■ REQUIREMENT
Exact copy, pictures excluded: print the lines from the one with "Photo 3. Drone" through the final line of the records.

[DATA EXTRACTS]

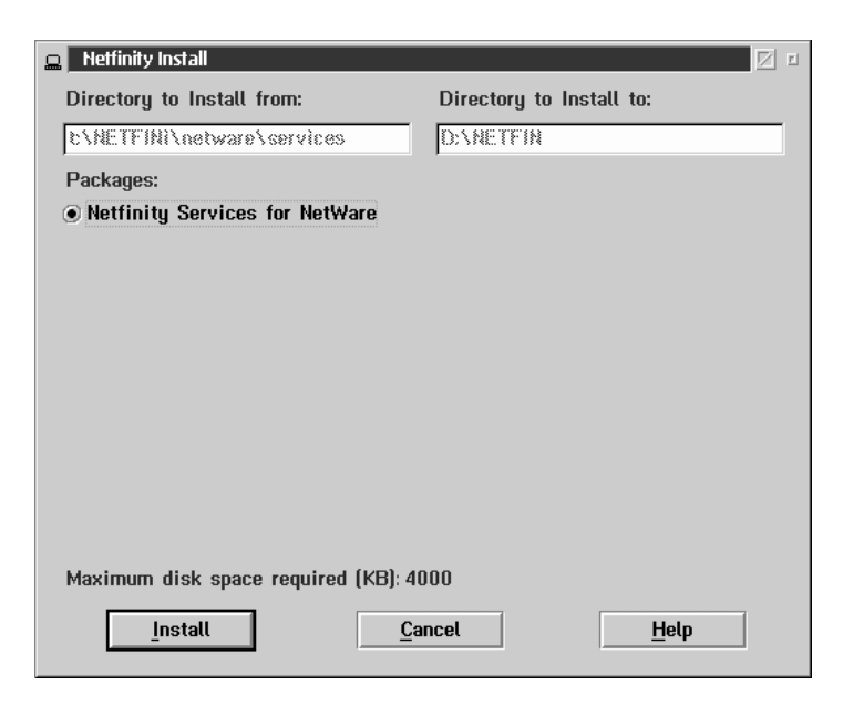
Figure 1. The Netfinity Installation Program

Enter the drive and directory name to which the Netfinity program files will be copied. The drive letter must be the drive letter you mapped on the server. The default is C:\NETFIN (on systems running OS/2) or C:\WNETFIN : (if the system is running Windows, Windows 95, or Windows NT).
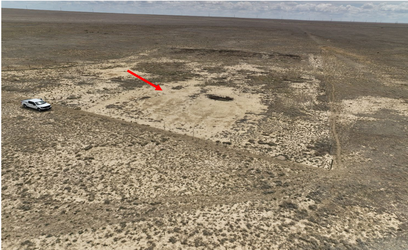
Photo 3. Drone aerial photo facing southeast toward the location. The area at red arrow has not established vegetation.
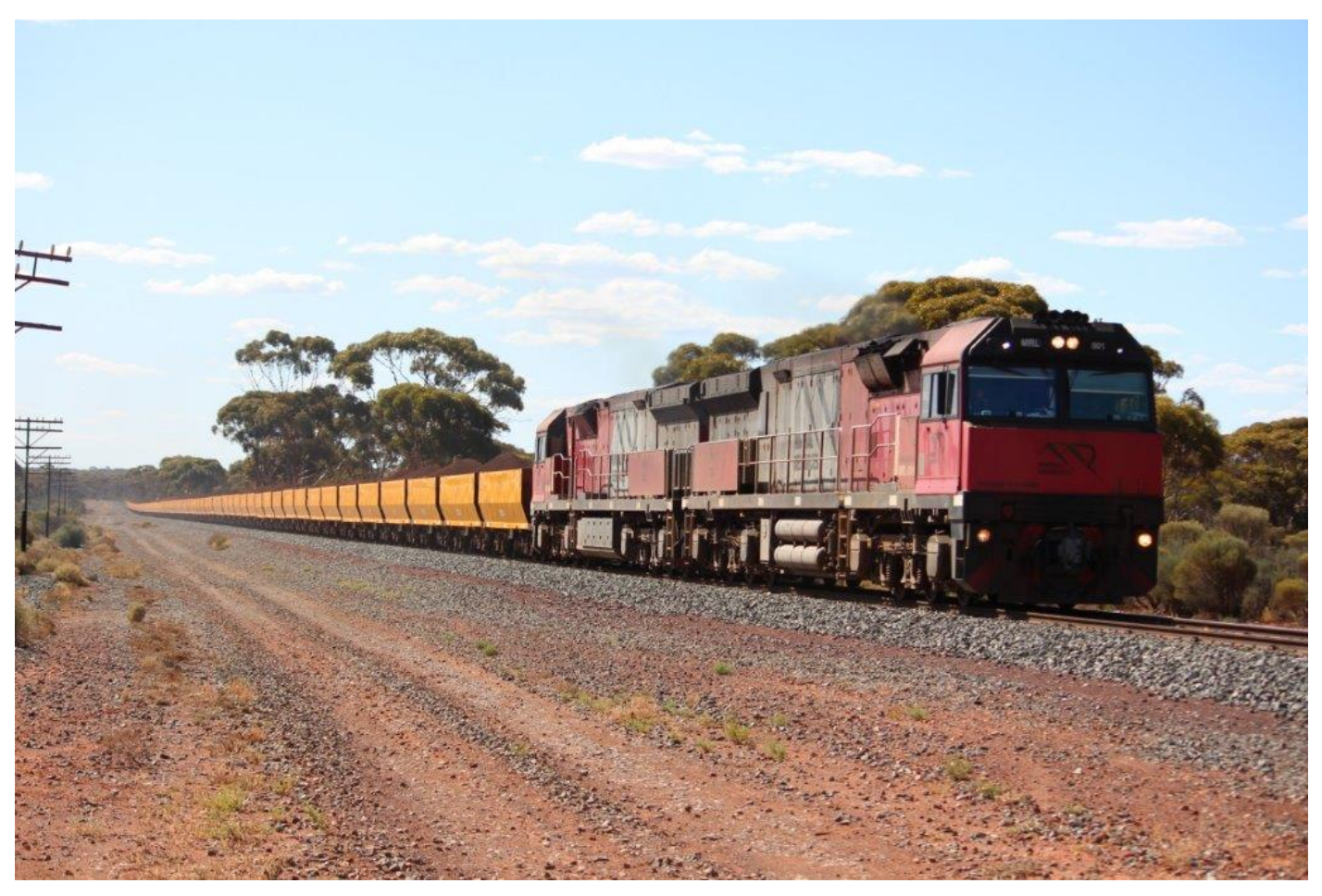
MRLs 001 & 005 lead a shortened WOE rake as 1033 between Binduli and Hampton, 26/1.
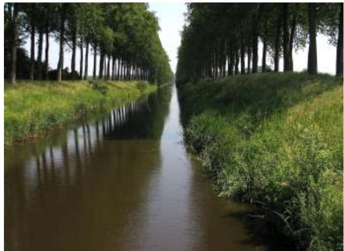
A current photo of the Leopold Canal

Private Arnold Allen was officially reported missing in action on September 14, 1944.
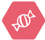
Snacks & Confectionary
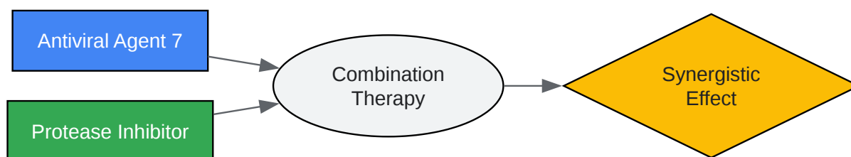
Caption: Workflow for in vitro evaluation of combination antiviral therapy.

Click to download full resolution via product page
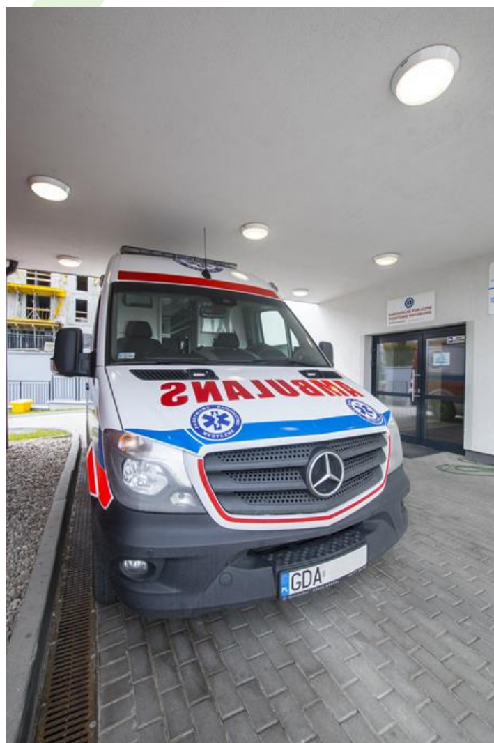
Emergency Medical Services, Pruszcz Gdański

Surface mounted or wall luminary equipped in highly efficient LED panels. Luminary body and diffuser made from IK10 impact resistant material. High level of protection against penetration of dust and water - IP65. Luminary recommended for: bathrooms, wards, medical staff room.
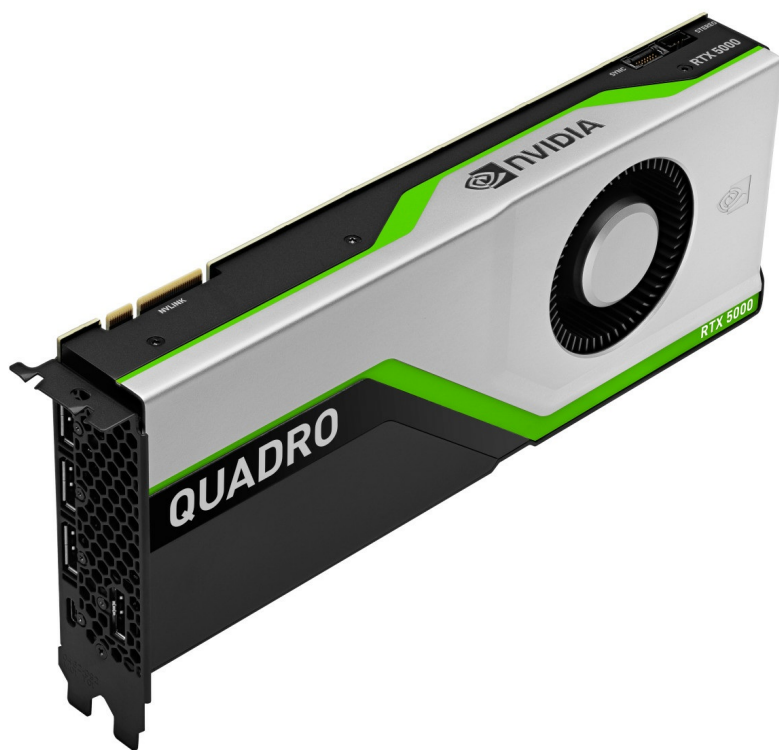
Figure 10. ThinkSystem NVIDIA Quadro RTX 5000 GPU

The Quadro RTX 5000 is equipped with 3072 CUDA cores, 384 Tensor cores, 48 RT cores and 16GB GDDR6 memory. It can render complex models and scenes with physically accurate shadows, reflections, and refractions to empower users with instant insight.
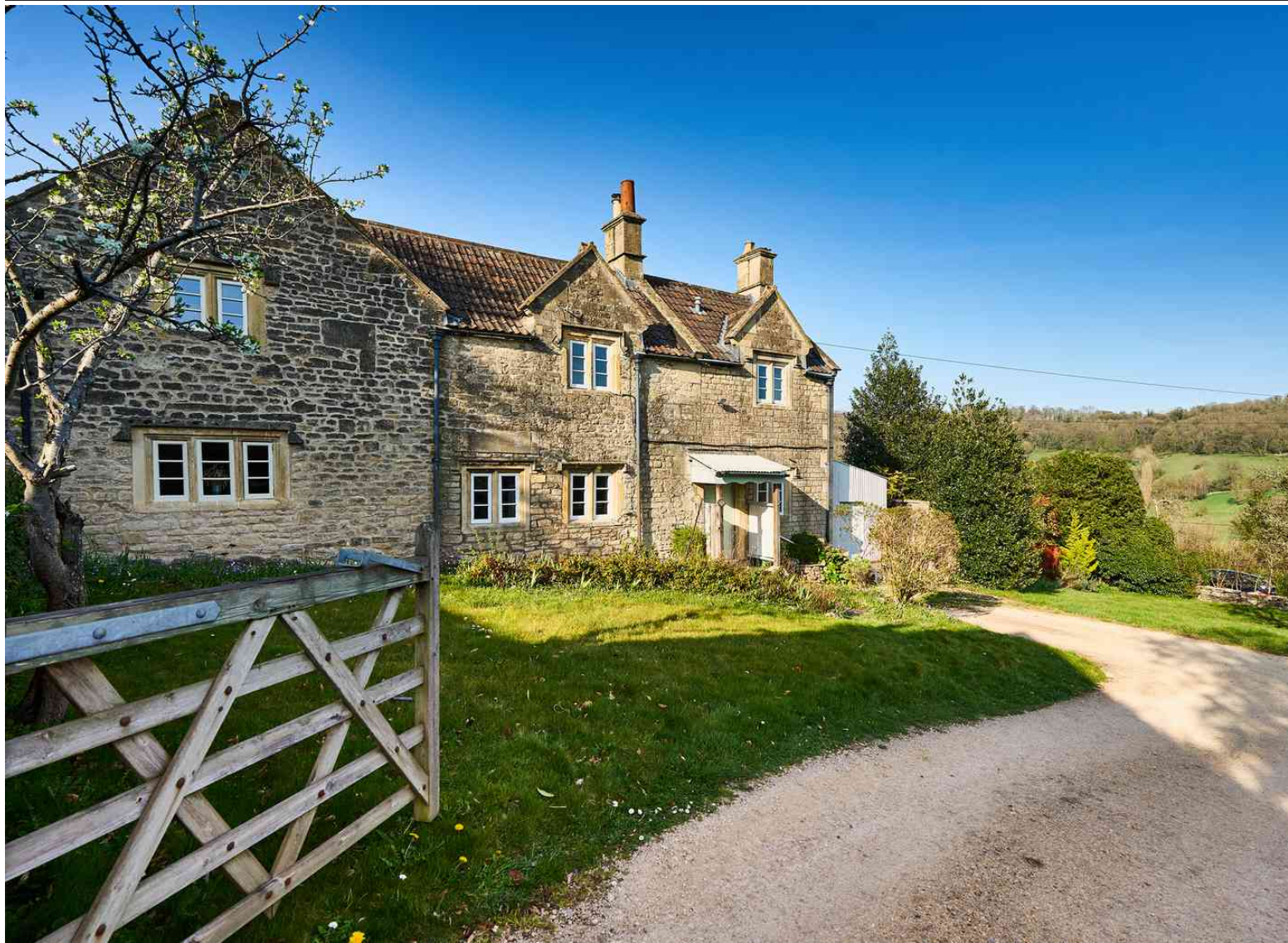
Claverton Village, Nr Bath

[/DATA EXTRACTS]

■ WRITTEN RESPONSE
Photo 3. Drone aerial photo facing southeast toward the location. The area at red arrow has not established vegetation.
MRLs 001 & 005 lead a shortened WOE rake as 1033 between Binduli and Hampton, 26/1.
A current photo of the Leopold Canal

Private Arnold Allen was officially reported missing in action on September 14, 1944.
Snacks & Confectionary
Caption: Workflow for in vitro evaluation of combination antiviral therapy.

Click to download full resolution via product page
Emergency Medical Services, Pruszcz Gdański

Surface mounted or wall luminary equipped in highly efficient LED panels. Luminary body and diffuser made from IK10 impact resistant material. High level of protection against penetration of dust and water - IP65. Luminary recommended for: bathrooms, wards, medical staff room.
Figure 10. ThinkSystem NVIDIA Quadro RTX 5000 GPU

The Quadro RTX 5000 is equipped with 3072 CUDA cores, 384 Tensor cores, 48 RT cores and 16GB GDDR6 memory. It can render complex models and scenes with physically accurate shadows, reflections, and refractions to empower users with instant insight.
Claverton Village, Nr Bath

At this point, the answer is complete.